• _Work instruction_
Could you print all the entries below exactly as they appear, omitting the pictures?

• _Source material_
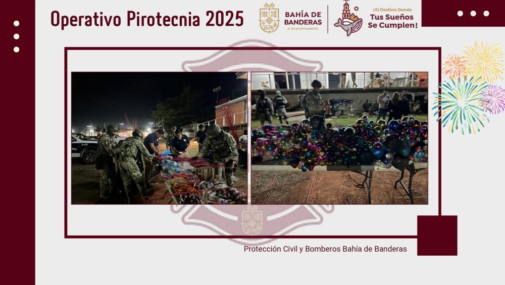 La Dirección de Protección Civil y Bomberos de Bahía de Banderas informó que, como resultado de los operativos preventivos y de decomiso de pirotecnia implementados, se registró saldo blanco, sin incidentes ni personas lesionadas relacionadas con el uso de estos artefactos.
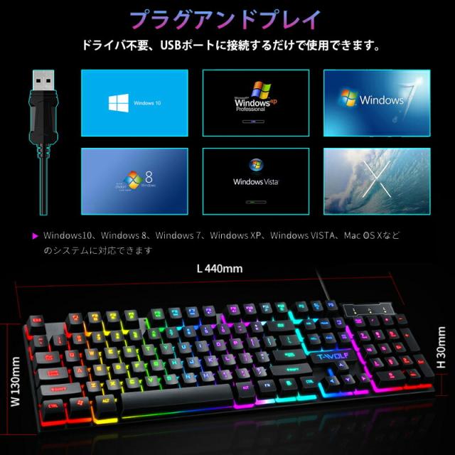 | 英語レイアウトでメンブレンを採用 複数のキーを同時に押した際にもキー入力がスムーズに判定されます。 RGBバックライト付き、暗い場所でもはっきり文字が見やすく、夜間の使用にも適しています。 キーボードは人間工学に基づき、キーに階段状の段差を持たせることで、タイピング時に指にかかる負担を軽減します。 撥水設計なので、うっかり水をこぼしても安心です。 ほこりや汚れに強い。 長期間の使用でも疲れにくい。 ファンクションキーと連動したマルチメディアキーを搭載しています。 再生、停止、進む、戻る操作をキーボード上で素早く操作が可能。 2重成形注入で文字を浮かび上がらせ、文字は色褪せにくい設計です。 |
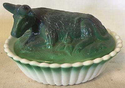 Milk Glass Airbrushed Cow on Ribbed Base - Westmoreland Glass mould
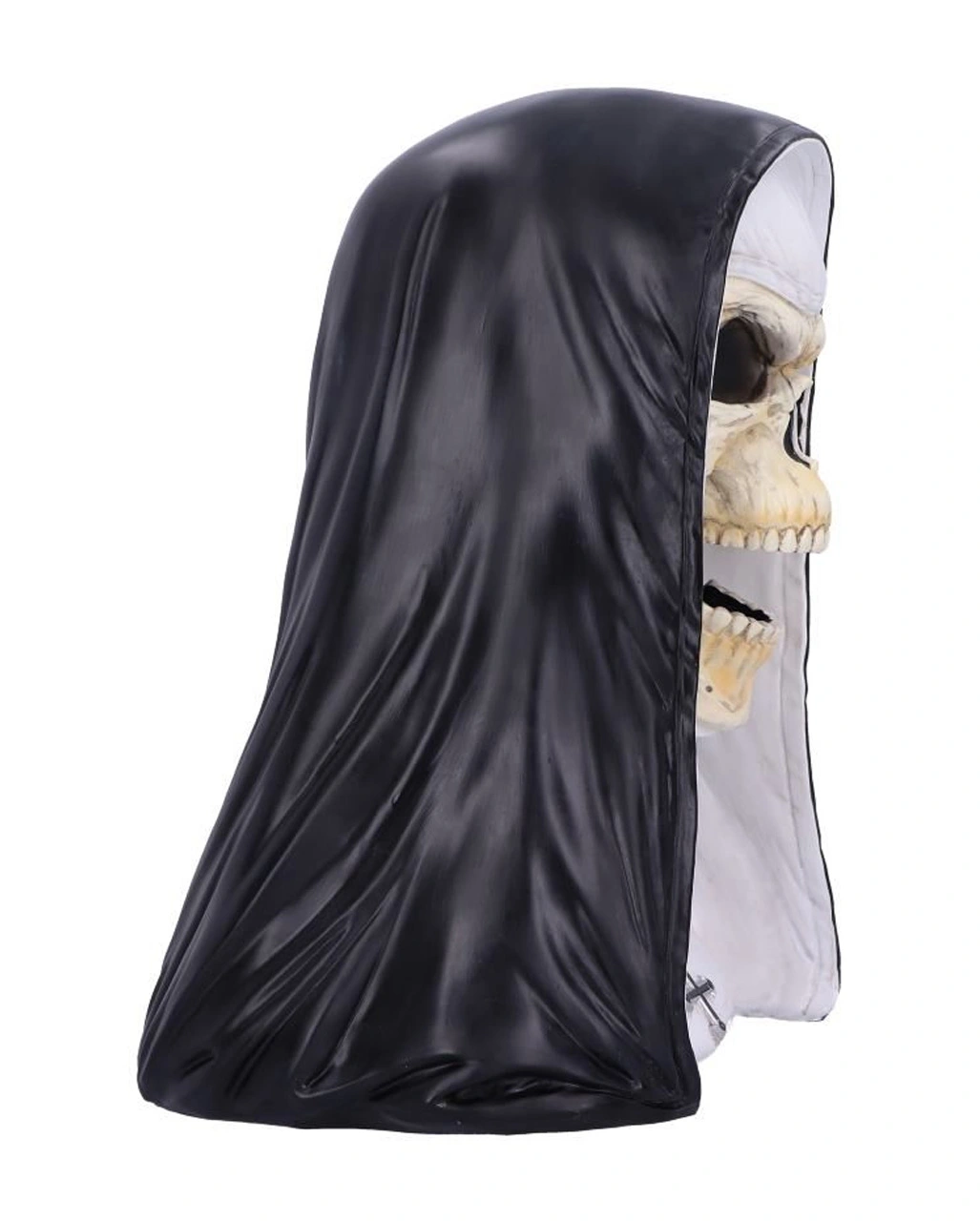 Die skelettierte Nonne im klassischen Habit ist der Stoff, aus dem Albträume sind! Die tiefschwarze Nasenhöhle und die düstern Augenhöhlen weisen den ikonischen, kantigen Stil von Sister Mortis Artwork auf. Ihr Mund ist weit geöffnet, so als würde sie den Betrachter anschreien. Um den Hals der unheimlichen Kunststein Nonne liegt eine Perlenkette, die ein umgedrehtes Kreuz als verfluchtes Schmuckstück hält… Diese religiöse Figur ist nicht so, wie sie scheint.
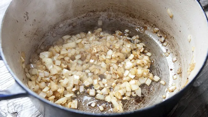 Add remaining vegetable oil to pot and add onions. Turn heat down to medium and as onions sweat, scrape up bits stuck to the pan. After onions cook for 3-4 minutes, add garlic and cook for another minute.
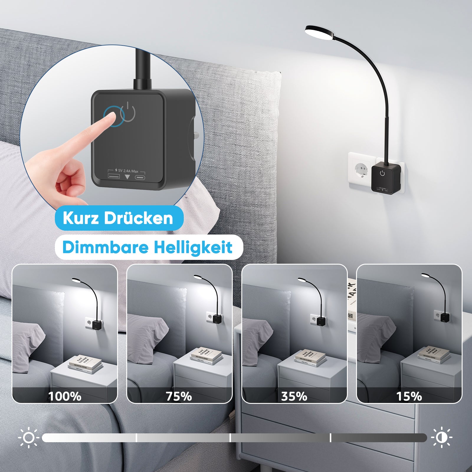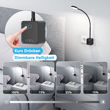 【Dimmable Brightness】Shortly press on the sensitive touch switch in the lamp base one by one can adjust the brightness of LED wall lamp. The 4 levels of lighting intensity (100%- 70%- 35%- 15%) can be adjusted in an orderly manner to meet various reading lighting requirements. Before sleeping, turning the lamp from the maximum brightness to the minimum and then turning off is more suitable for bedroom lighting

• _Written response_
 La Dirección de Protección Civil y Bomberos de Bahía de Banderas informó que, como resultado de los operativos preventivos y de decomiso de pirotecnia implementados, se registró saldo blanco, sin incidentes ni personas lesionadas relacionadas con el uso de estos artefactos.
 | 英語レイアウトでメンブレンを採用 複数のキーを同時に押した際にもキー入力がスムーズに判定されます。 RGBバックライト付き、暗い場所でもはっきり文字が見やすく、夜間の使用にも適しています。 キーボードは人間工学に基づき、キーに階段状の段差を持たせることで、タイピング時に指にかかる負担を軽減します。 撥水設計なので、うっかり水をこぼしても安心です。 ほこりや汚れに強い。 長期間の使用でも疲れにくい。 ファンクションキーと連動したマルチメディアキーを搭載しています。 再生、停止、進む、戻る操作をキーボード上で素早く操作が可能。 2重成形注入で文字を浮かび上がらせ、文字は色褪せにくい設計です。 |
 Milk Glass Airbrushed Cow on Ribbed Base - Westmoreland Glass mould
 Die skelettierte Nonne im klassischen Habit ist der Stoff, aus dem Albträume sind! Die tiefschwarze Nasenhöhle und die düstern Augenhöhlen weisen den ikonischen, kantigen Stil von Sister Mortis Artwork auf. Ihr Mund ist weit geöffnet, so als würde sie den Betrachter anschreien. Um den Hals der unheimlichen Kunststein Nonne liegt eine Perlenkette, die ein umgedrehtes Kreuz als verfluchtes Schmuckstück hält… Diese religiöse Figur ist nicht so, wie sie scheint.
 Add remaining vegetable oil to pot and add onions. Turn heat down to medium and as onions sweat, scrape up bits stuck to the pan. After onions cook for 3-4 minutes, add garlic and cook for another minute.
 【Dimmable Brightness】Shortly press on the sensitive touch switch in the lamp base one by one can adjust the brightness of LED wall lamp. The 4 levels of lighting intensity (100%- 70%- 35%- 15%) can be adjusted in an orderly manner to meet various reading lighting requirements. Before sleeping, turning the lamp from the maximum brightness to the minimum and then turning off is more suitable for bedroom lighting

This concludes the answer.